Беседа на Вознесение Господа нашего Иисуса Христа

Сказана в храме мучеников в Романезии, куда перенесены были тела мучеников, лежавшие под спудом близ трупов еретиков, и положены особо наверху4.

1. И в то время, когда мы совершали память креста, мы совершали праздник вне города; и теперь, когда чтим вознесение Распятого в этот славный и светлый день, мы празднуем опять вне города. Мы делаем это, желая не город унизить, но стараясь почтить мучеников. Дабы эти святые не стали укорять нас и говорить: «мы не удостоились видеть ни одного дня Владыки нашего празднуемым в наших обителях», дабы эти святые не стали укорять нас и говорить: «вот мы пролили за Него кровь свою и сподобились положить за Него головы свои, а не сподобились видеть день праздника Его совершаемым в наших жилищах», для этого мы, оставив город, прибегли к ногам этих святых по случаю настоящего дня, оправдываясь пред ними и за прошедшее время. Если и прежде надлежало прибегать к этим мужественным подвижникам благочестия, когда они лежали под спудом, то тем более нужно делать тоже теперь, когда эти жемчужины лежат особо, когда овцы отделены от волков, когда живые отлучены от мертвых. Для них самих и прежде не было никакого вреда от того, что они находились в общем с еретиками месте погребения, так как чьи души на небесах, тех тела не терпели вреда от такого соседства, чья душа в руке Божией, того останки ничего не терпят от местоположения. Для них самих не было никакого вреда и прежде; но народ у нас терпел не малый вред от местности, прибегая к останкам мучеников, и совершая молитвы с колебанием и сомнением, потому что не знал, где гробницы святых и где лежат истинные сокровища. Здесь происходило тоже, что было бы со стадами овец, которые, стремясь напиться чистых потоков, пришли бы к чистым источникам, но, почувствовав вблизи смрад и зловоние, отступили бы назад; так бывало и с нашею паствою. Народ приходил к чистым источникам мучеников, но чувствуя еретическое зловоние, распространявшееся вблизи, отступал назад. Видя это, мудрый наш пастырь и общий учитель, устраняющий все к назиданию церкви, пламенный любитель и ревнитель мучеников5, не мог долее сносить такого зла. Что же он сделал? Посмотрите на мудрость его: мутные и смрадные потоки он засыпал и отвел вниз, а чистые источники мучеников поставил в чистом месте. И заметьте, какое оказал он человеколюбие к мертвым, какую честь мученикам, какое попечение о народе: к мертвым он оказал человеколюбие, не сдвинув костей их, но оставив их на прежнем месте; мученикам воздал честь, освободив их от худого соседства; о народе явил попечение, не попустив ему более совершать молитвы с сомнением.

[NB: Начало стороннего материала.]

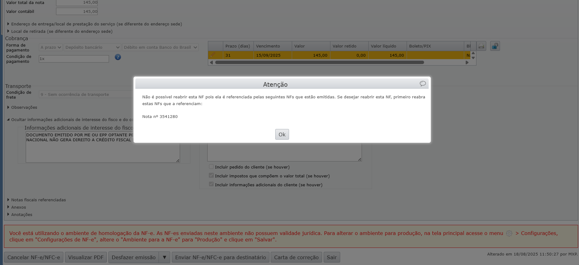 1) Se a nota fiscal que você deseja editar for referenciada por outro documento (ex: uma nota fiscal de devolução), será necessário reabrir primeiro esses documentos referenciadores. Caso contrário, ao tentar desfazer a emissão da nota que irá vincular o pedido, o sistema exibirá a seguinte mensagem de “Atenção”:

Посему мы и привели вас сюда, чтобы собрание было торжественнее, зрелище блистательнее, когда собрались не только люди, но и мученики, и не только мученики, но и ангелы. Подлинно, здесь и ангелы присутствуют: сегодня составилось собрание ангелов и мучеников. Если ты хочешь видеть и ангелов и мучеников, то открой очи веры, и увидишь это зрелище; ведь, если воздух наполнен ангелами, то тем более церковь; если церковь, то тем более в настоящий день, когда возносится Владыка их. А что весь воздух наполнен ангелами, послушай, как говорит апостол, увещевая жен иметь покрывало на голове: «должна есть жена власть имети на главе ангел ради» (1Кор. XI, 10). Также Иаков: «ангел, иже мя избавляет» от юности моей (Быт. XLVIII, 16). И бывшие в доме вместе с апостолами говорили Роде: «ангел его есть» (Деян. XII, 15). И еще Иаков: я видел, говорит, полк ангелов (Быт. XXXII, 2). Почему он видел полк и воинство ангелов на земле? Как царь повелевает войскам находиться в каждом городе, дабы неприятель не сделал нападения и не вторгся в город, так точно и Бог, Поелику в этом воздухе находятся свирепые и жестокие бесы, всегда воздвигающие войны, и враги мира, противопоставил им воинства ангелов, чтобы они одним появлением своим укрощали бесов, а нам всегда доставляли мир. А чтобы тебе знать, что есть ангелы мира, послушай, как диаконы всегда произносят в молитвах: «ангела мирна»6 просим. Видишь ли, что здесь присутствуют и ангелы и мученики? Посему кто жалче тех, которые сегодня отсутствуют? Кто блаженнее нас, которые пришли и наслаждаемся этим торжеством? Впрочем речь об ангелах мы оставим до другого времени, а теперь поведем речь по поводу настоящего праздника.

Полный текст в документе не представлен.